| TO DO |
Going through the material below, output exactly the lines from the one containing "O acidente aconteceu" through the one containing "紧随其后的是美国的斯坦福大学", and no pictures.

| MATERIALS PROVIDED |
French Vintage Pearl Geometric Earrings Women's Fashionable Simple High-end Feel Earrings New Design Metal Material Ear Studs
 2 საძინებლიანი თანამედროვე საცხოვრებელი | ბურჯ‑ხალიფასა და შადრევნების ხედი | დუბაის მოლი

...

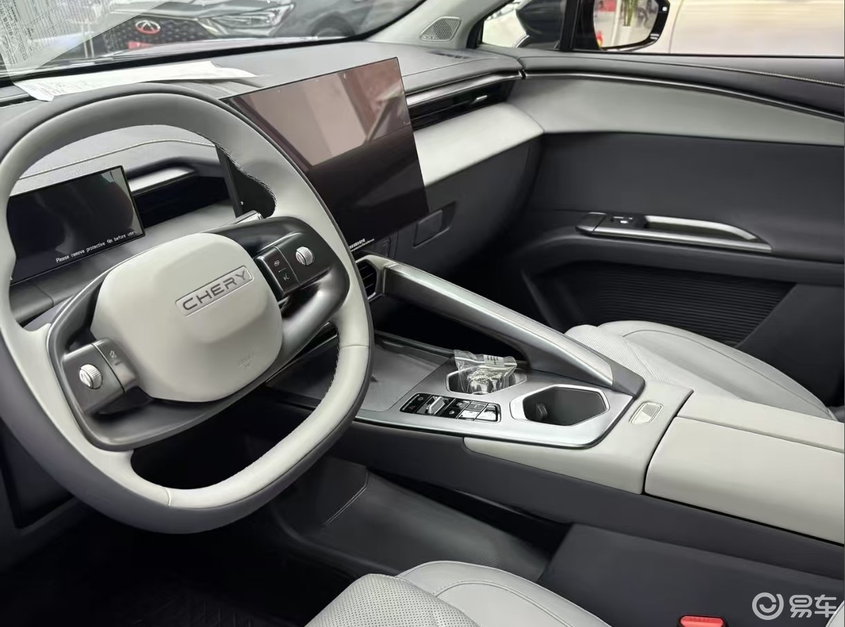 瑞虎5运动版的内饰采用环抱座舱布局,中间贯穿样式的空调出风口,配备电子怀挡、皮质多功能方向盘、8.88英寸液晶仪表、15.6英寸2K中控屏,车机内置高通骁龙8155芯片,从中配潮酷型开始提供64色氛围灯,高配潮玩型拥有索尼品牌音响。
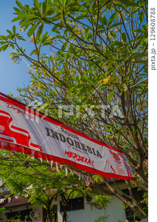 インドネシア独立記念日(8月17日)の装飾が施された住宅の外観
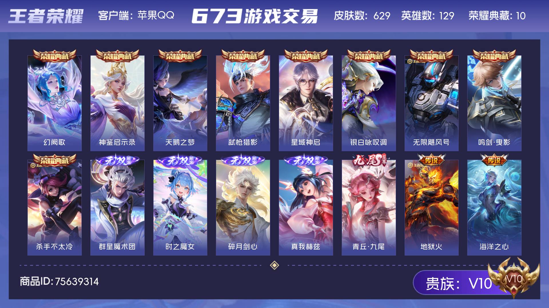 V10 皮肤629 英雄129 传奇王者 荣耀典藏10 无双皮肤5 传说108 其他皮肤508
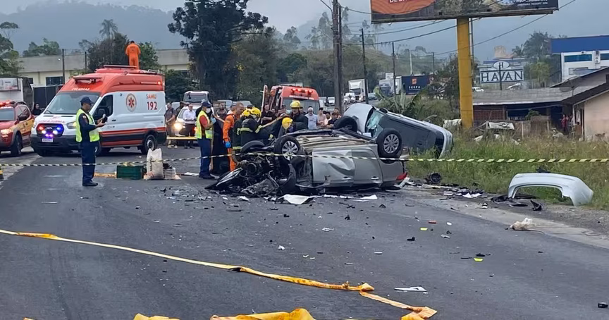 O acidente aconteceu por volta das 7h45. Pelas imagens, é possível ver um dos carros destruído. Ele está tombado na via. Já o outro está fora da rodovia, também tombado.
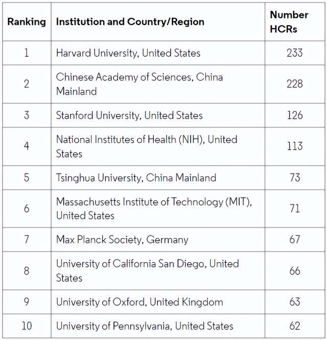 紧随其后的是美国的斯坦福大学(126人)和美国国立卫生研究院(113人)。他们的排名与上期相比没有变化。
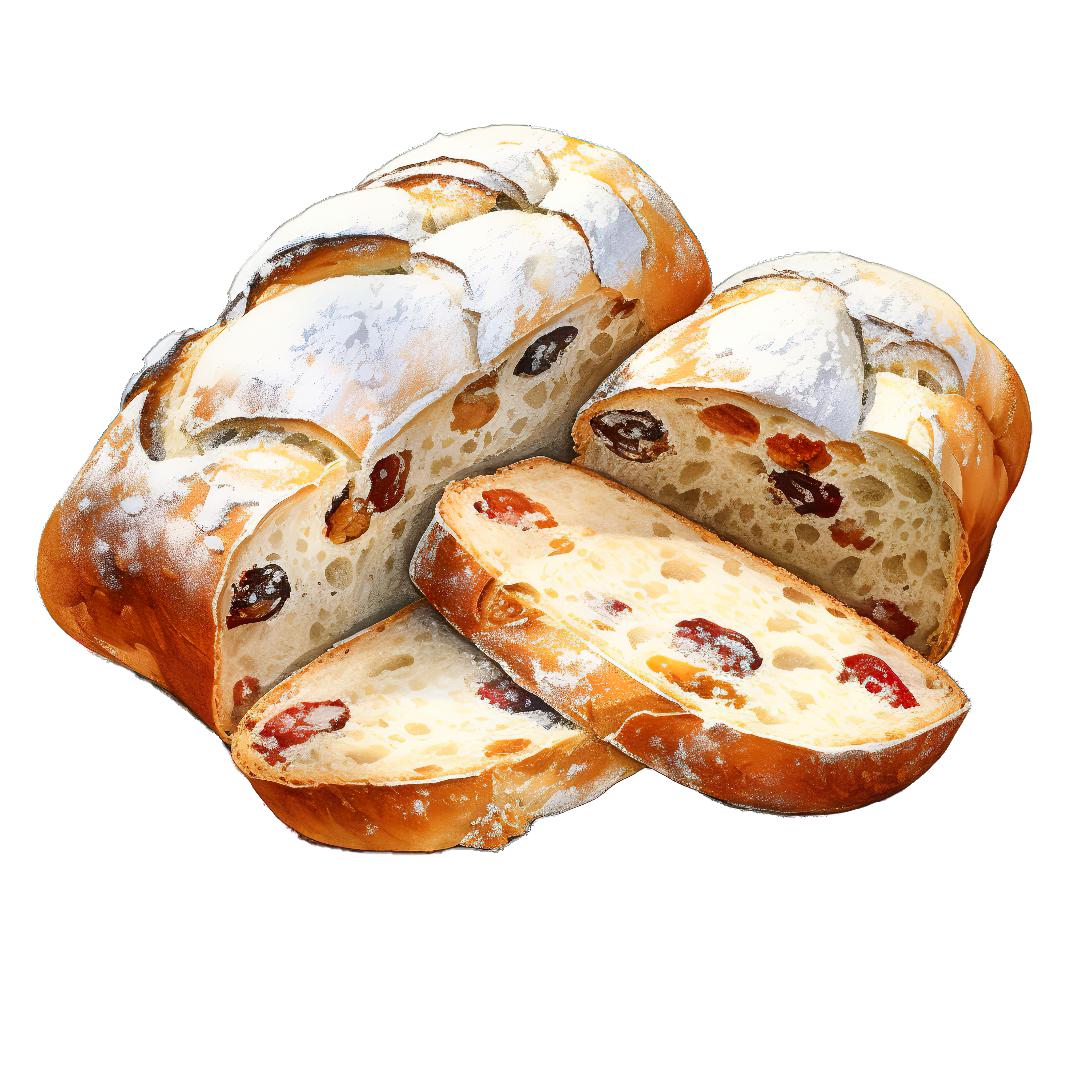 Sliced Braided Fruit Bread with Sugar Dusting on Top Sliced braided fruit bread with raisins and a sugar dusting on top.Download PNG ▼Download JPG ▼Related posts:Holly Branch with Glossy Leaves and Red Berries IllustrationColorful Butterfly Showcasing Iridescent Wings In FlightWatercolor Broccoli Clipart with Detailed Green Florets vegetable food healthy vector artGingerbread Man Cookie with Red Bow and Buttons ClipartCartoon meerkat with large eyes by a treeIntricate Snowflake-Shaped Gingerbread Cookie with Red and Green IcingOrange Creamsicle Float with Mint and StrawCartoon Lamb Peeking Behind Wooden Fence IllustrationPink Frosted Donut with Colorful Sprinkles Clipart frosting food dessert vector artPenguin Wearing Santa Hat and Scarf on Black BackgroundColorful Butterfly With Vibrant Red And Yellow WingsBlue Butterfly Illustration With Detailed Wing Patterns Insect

| REPLY |
 O acidente aconteceu por volta das 7h45. Pelas imagens, é possível ver um dos carros destruído. Ele está tombado na via. Já o outro está fora da rodovia, também tombado.
 紧随其后的是美国的斯坦福大学(126人)和美国国立卫生研究院(113人)。他们的排名与上期相比没有变化。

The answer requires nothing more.